• [Assignment]
Restate the entries word for word and skip every image.

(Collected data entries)
━━━━━━━━━━

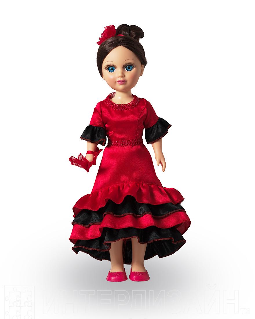 Анастасия Весна Испанский танец из коллекции Танцы - кукла с выразительными глазами, пушистыми ресницами и роскошными волосами. На кукле нарядное шёлковое платье с оборками, стилизованное под танцевальный костюм для исполнения испанских танцев и туфельки. Из аксессуаров – веер из капронового кружева. Производитель оставляет за собой право изменения цветовой гаммы одежды и волос куклы, цвет глаз может варьироваться. Элементы кукольной одежды: застежки, головной убор, обувь способствуют развитию мелкой моторики. Прекрасные длинные волосы, похожие на натуральные, можно завивать, расчёсывать и укладывать в разные причёски, меняя образ куклы. Продуманная конструкция куклы позволяет её сажать, ставить на ножки, переодевать. Эта кукла подходят для сюжетных игр и разнообразных игровых действий ребёнка. Высота 42 см. Кукла озвучена. Тело куклы пропорционально и гармонично: руки и голова выполнены из эластичного приятного на ощупь винила, а туловище и ноги из пластмассы.
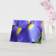 Cartão com a fotografia azul da íris e a mensagem do feliz aniversario para dentro.
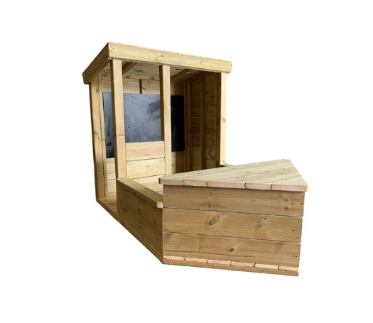 A-hoy! Jump aboard the Children’s wooden  Boat  3– A brilliant open-ended product for early years development. Primary and nursery pupils will love practising their drawing skills on the large chalkboard, whilst out at sea. Important creative skills and innovative thoughts will begin to build as children learn through play. The Tug Boats flat base will lend itself to any playground or residential garden. Made from FSC Pressure Treated Redwood Timber. Assembly required.
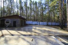 Въезд во двор залит бетоном, на территории два гаража с автоматическими воротами, вольер и новая баня.
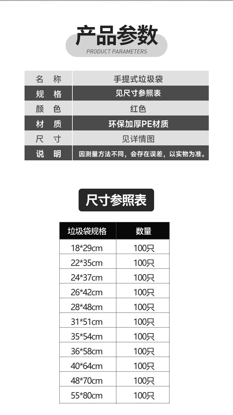 VLEN 호텔 상업용 레드 조끼 휴대용 쓰레기 봉투 [48*70cm*100개] ZTT0434스토어 가기
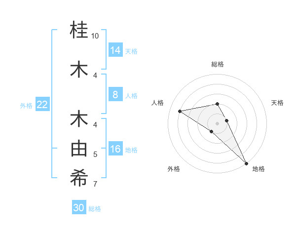 桂木 木由希さんを姓名の画数から五運を鑑定
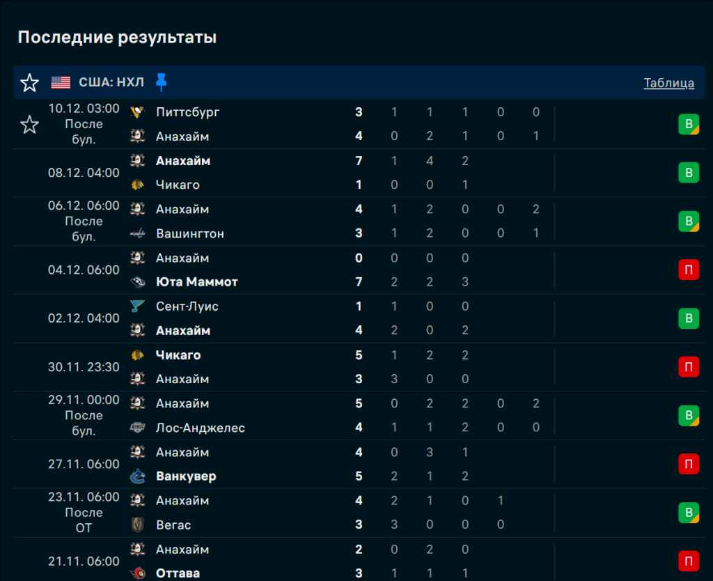 Последние игры Анахайм
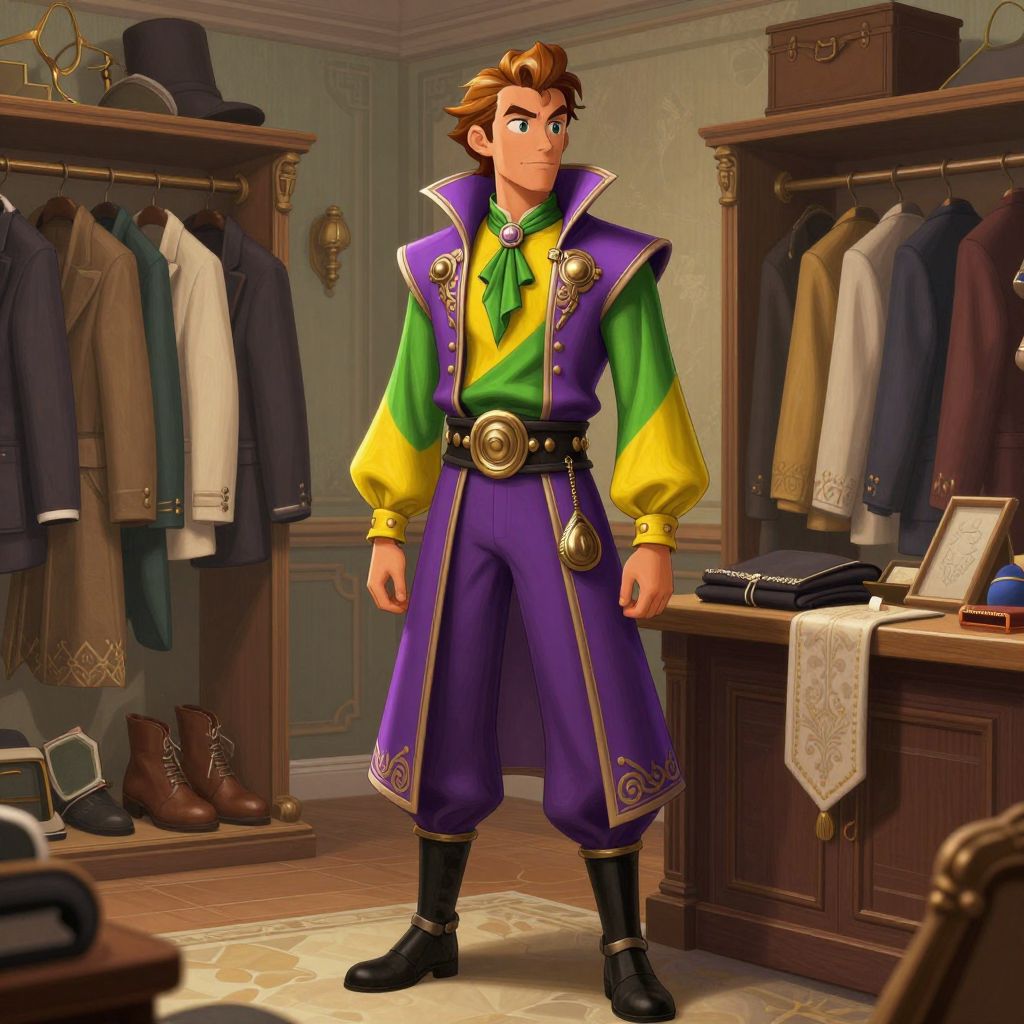 A digital illustration of a young man with short brown hair and blue eyes, standing confidently in a well-appointed dressing room. He wears a vibrant, Victorian-style outfit with a purple coat featuring gold and yellow accents, green and yellow long sleeves, and a green bowtie. His black boots and belt with a large circular buckle complete the look. The room has wooden shelves with hanging clothes, a desk with a pen holder, and a pair of brown boots on the floor. The warm, detailed background includes ornate wall sconces and a patterned rug.
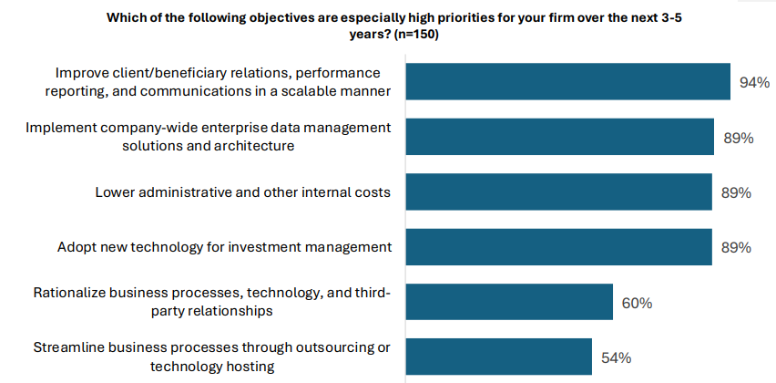 In response to topline pressure from clients and close cost oversight from firm management, a solid majority of survey respondents (94%) say they are poised to improve their relationships with clients by strengthening their performance reporting and client communication capabilities. Their efforts to do so are likely to call for investment in enterprise data management solutions and new technology for investment management, each of which are a high priority among 89% of study participants.
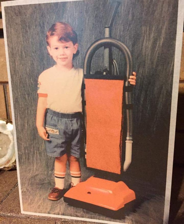13. L’aspirateur était son meilleur ami lorsqu’il était petit, à tel point que ses portraits le montraient toujours avec son aspirobot !
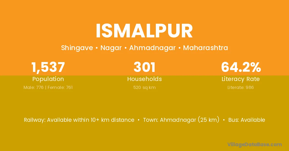 Ahmadnagar (25 km) is the nearest town to Ismalpur village for major economic activities and is located approximately 25 km away.
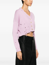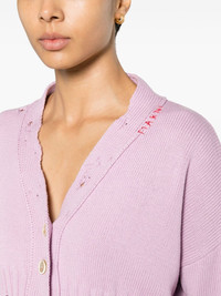 V-neck cotton cardigan Woven from soft cotton to a midweight knit, this lilac-hued cardigan speaks to Marni's exploration of texture and silhouette. Cut to a cropped length, it is emblazoned with stitching and ripped details for a worn-in flair. Highlights - Light orchid purple - Cotton - Knitted construction - Distressed finish - V-neck - Front button fastening - Drop shoulder - Long sleeves - Ribbed cuffs and hem - Cropped Made in Italy Composition Cotton 100% Washing instructions Dry Clean Only
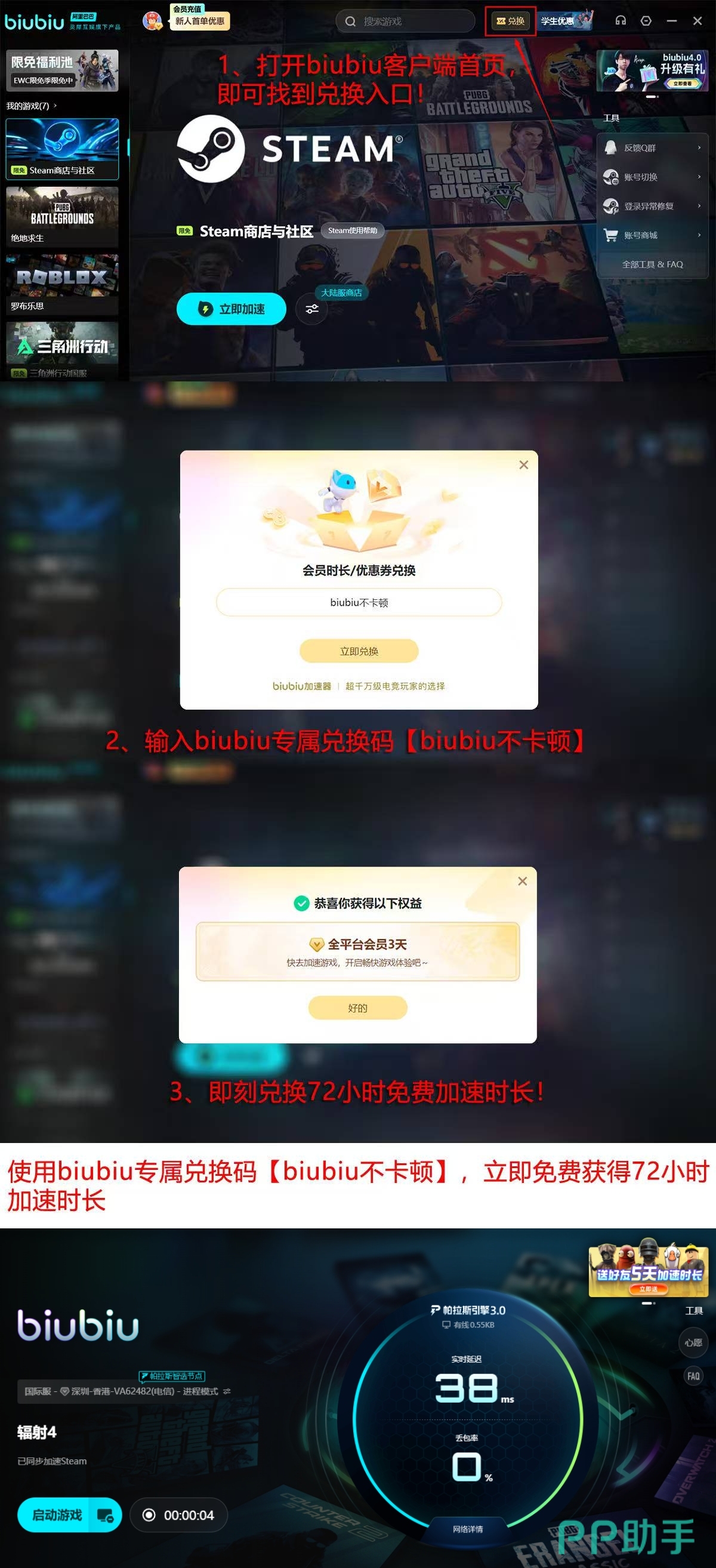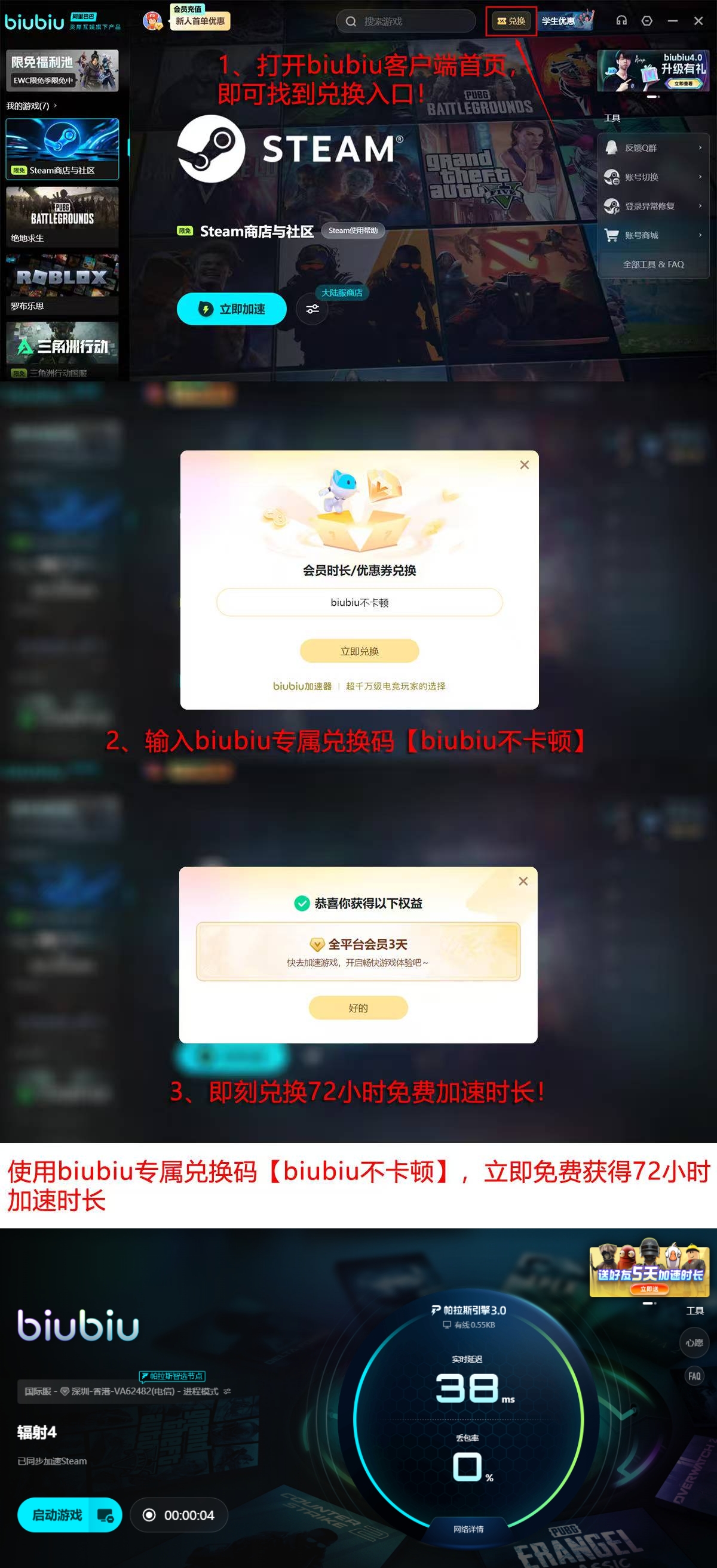 除网络性能外,该工具还集成实用型用户权益体系:【biubiu不卡顿】兑换72小时使用时长活动与新用户注册免费领取24小时使用时间活动并行,叠加后最高可获取最多可以白嫖96小时的使用时长。同时,内置游戏库覆盖市面主流PC及主机平台适配作品,涵盖《耻辱2》在内的数百款需跨境联机或平台认证的游戏,实现“一器多用”的高效支持逻辑。

━━━━━━━━━━

• [Answer area]
 Анастасия Весна Испанский танец из коллекции Танцы - кукла с выразительными глазами, пушистыми ресницами и роскошными волосами. На кукле нарядное шёлковое платье с оборками, стилизованное под танцевальный костюм для исполнения испанских танцев и туфельки. Из аксессуаров – веер из капронового кружева. Производитель оставляет за собой право изменения цветовой гаммы одежды и волос куклы, цвет глаз может варьироваться. Элементы кукольной одежды: застежки, головной убор, обувь способствуют развитию мелкой моторики. Прекрасные длинные волосы, похожие на натуральные, можно завивать, расчёсывать и укладывать в разные причёски, меняя образ куклы. Продуманная конструкция куклы позволяет её сажать, ставить на ножки, переодевать. Эта кукла подходят для сюжетных игр и разнообразных игровых действий ребёнка. Высота 42 см. Кукла озвучена. Тело куклы пропорционально и гармонично: руки и голова выполнены из эластичного приятного на ощупь винила, а туловище и ноги из пластмассы.
 Cartão com a fotografia azul da íris e a mensagem do feliz aniversario para dentro.
 A-hoy! Jump aboard the Children’s wooden  Boat  3– A brilliant open-ended product for early years development. Primary and nursery pupils will love practising their drawing skills on the large chalkboard, whilst out at sea. Important creative skills and innovative thoughts will begin to build as children learn through play. The Tug Boats flat base will lend itself to any playground or residential garden. Made from FSC Pressure Treated Redwood Timber. Assembly required.
 Въезд во двор залит бетоном, на территории два гаража с автоматическими воротами, вольер и новая баня.
 VLEN 호텔 상업용 레드 조끼 휴대용 쓰레기 봉투 [48*70cm*100개] ZTT0434스토어 가기
 桂木 木由希さんを姓名の画数から五運を鑑定
 Последние игры Анахайм
 A digital illustration of a young man with short brown hair and blue eyes, standing confidently in a well-appointed dressing room. He wears a vibrant, Victorian-style outfit with a purple coat featuring gold and yellow accents, green and yellow long sleeves, and a green bowtie. His black boots and belt with a large circular buckle complete the look. The room has wooden shelves with hanging clothes, a desk with a pen holder, and a pair of brown boots on the floor. The warm, detailed background includes ornate wall sconces and a patterned rug.
 In response to topline pressure from clients and close cost oversight from firm management, a solid majority of survey respondents (94%) say they are poised to improve their relationships with clients by strengthening their performance reporting and client communication capabilities. Their efforts to do so are likely to call for investment in enterprise data management solutions and new technology for investment management, each of which are a high priority among 89% of study participants.
13. L’aspirateur était son meilleur ami lorsqu’il était petit, à tel point que ses portraits le montraient toujours avec son aspirobot !
 Ahmadnagar (25 km) is the nearest town to Ismalpur village for major economic activities and is located approximately 25 km away.
 V-neck cotton cardigan Woven from soft cotton to a midweight knit, this lilac-hued cardigan speaks to Marni's exploration of texture and silhouette. Cut to a cropped length, it is emblazoned with stitching and ripped details for a worn-in flair. Highlights - Light orchid purple - Cotton - Knitted construction - Distressed finish - V-neck - Front button fastening - Drop shoulder - Long sleeves - Ribbed cuffs and hem - Cropped Made in Italy Composition Cotton 100% Washing instructions Dry Clean Only
 除网络性能外,该工具还集成实用型用户权益体系:【biubiu不卡顿】兑换72小时使用时长活动与新用户注册免费领取24小时使用时间活动并行,叠加后最高可获取最多可以白嫖96小时的使用时长。同时,内置游戏库覆盖市面主流PC及主机平台适配作品,涵盖《耻辱2》在内的数百款需跨境联机或平台认证的游戏,实现“一器多用”的高效支持逻辑。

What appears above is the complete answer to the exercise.